My take on those 3 designs...

 

#1 could be viewed as a closure/partial-application of the device into the Bind() call, in a sense the Texture class is just a closure type. The DrawThing function should know that if it accepts closure types as its arguments then it doesn't get to dictate the closed environment. Either it should not have accepted closure types or it needs a way to assert a pre-condition that the two textures refer to the same device.

 

#2 makes me feel much more uncomfortable that #3, but I would have a hard time saying exactly why. Maybe it's just a matter of convention. Like Krohm, I would feel somewhat entitled to construct with one device and bind to another - until reading the documentation.

 

#3 technically suffers the same problem as #2 but follows a more familiar convention so I think it really is better than #2. It also exposes an underlying truth that the device acts like a factory for textures, whereas I think #2 kind of gives the impression that a device is merely a component of a texture.

 

 

Designs #2 and #3 try to pretend that a texture is a stand-alone object and that it can be separated from the device at one point (at creation) and re-join with it later on (at bind-time). This is almost true and close-enough that it can be implemented that way provided there are sufficient runtime checks at the re-join point.

 

Design #1 never lets the device separate from the texture, so the only thing it does is try to present a texture as a stand-alone object.

 

Textures being stand-alone raises the question of whether a texture might be able to out-live the device.

#2 and #3 don't really deal with that too well - the destruction of the device object may put the texture objects into a weird state (another example of spooky action at a distance).
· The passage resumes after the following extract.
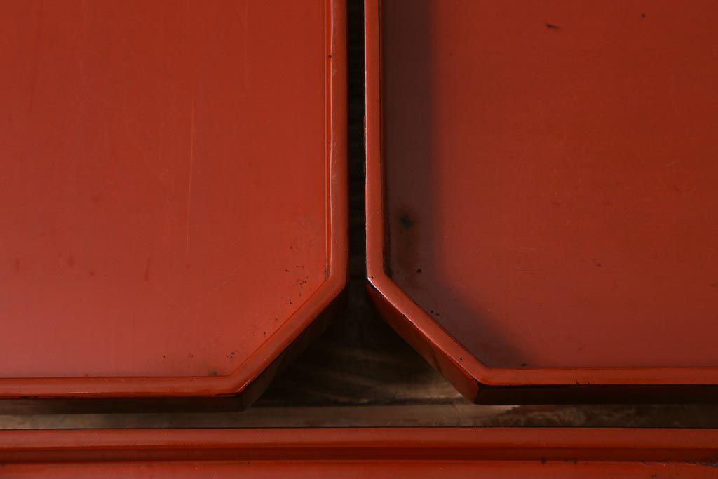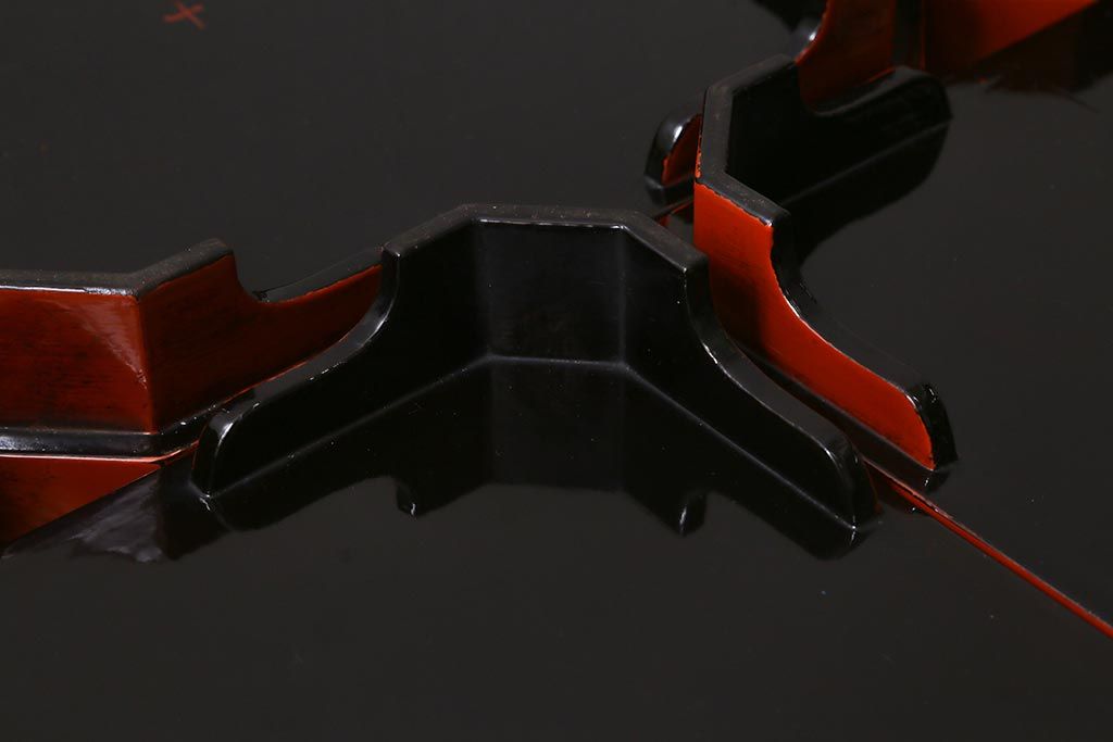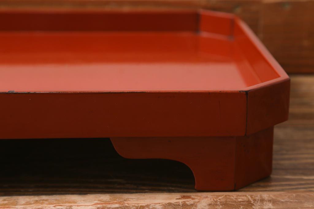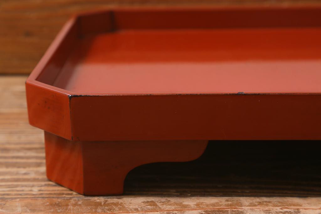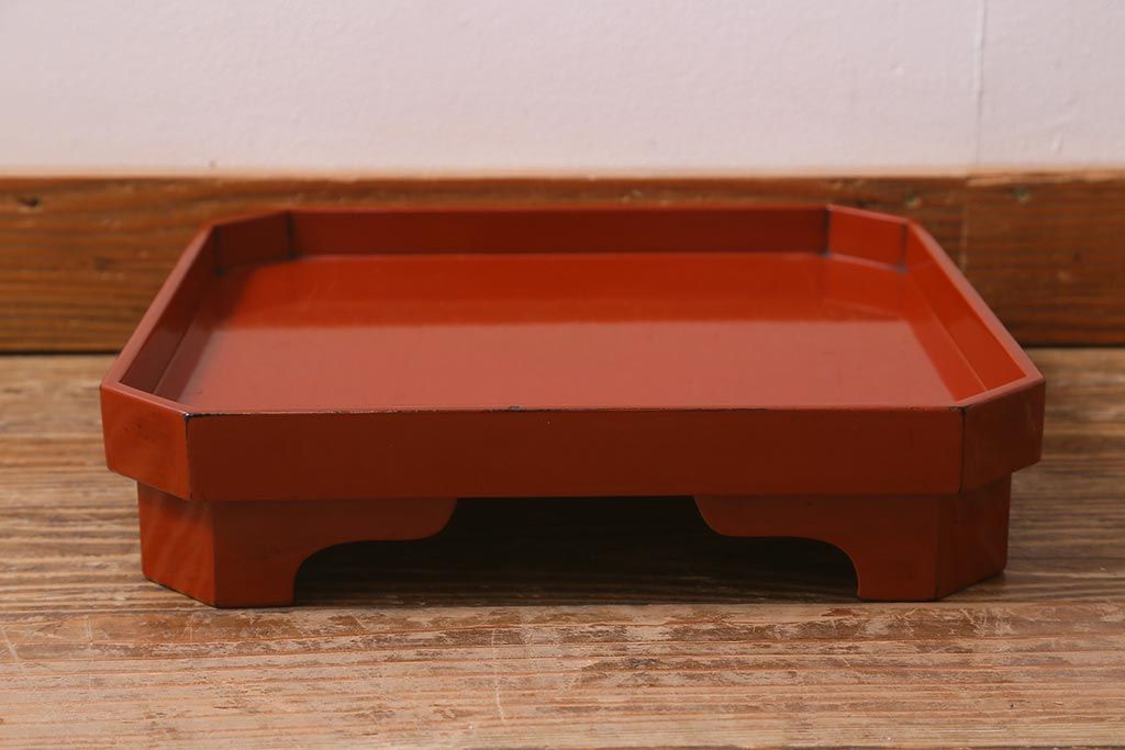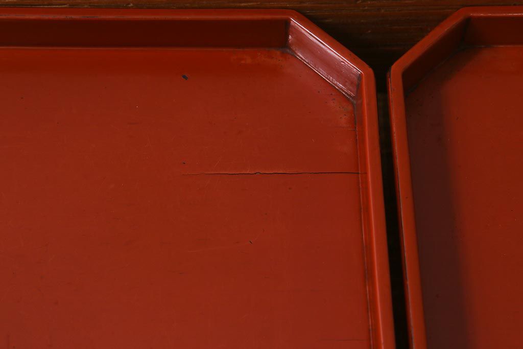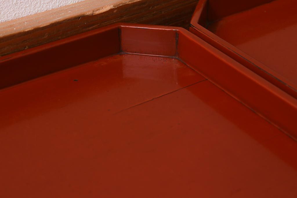 アンティーク雑貨 明治期 共箱 根来塗お膳5客セット(木製漆器、和食器)(R-042192)

Design #1 could deal with that if it used a shared_ptr to reference the device which guarantees that the lifetime of the device is at least as long as the texture's.

 

 

I usually think all of this comes down to limitations in the language itself, that you have to enforce this kind of thing yourself and there aren't great ways to describe the relationships to the compiler or to the runtime environment.

Other areas of the language have the same problem, for example you wouldn't expect to be able to use an iterator in a different container to the one that created it, or to use an iterator after the container has been destructed.

 

Maybe using handles (like integer handles) rather than objects would side-step some of those issues.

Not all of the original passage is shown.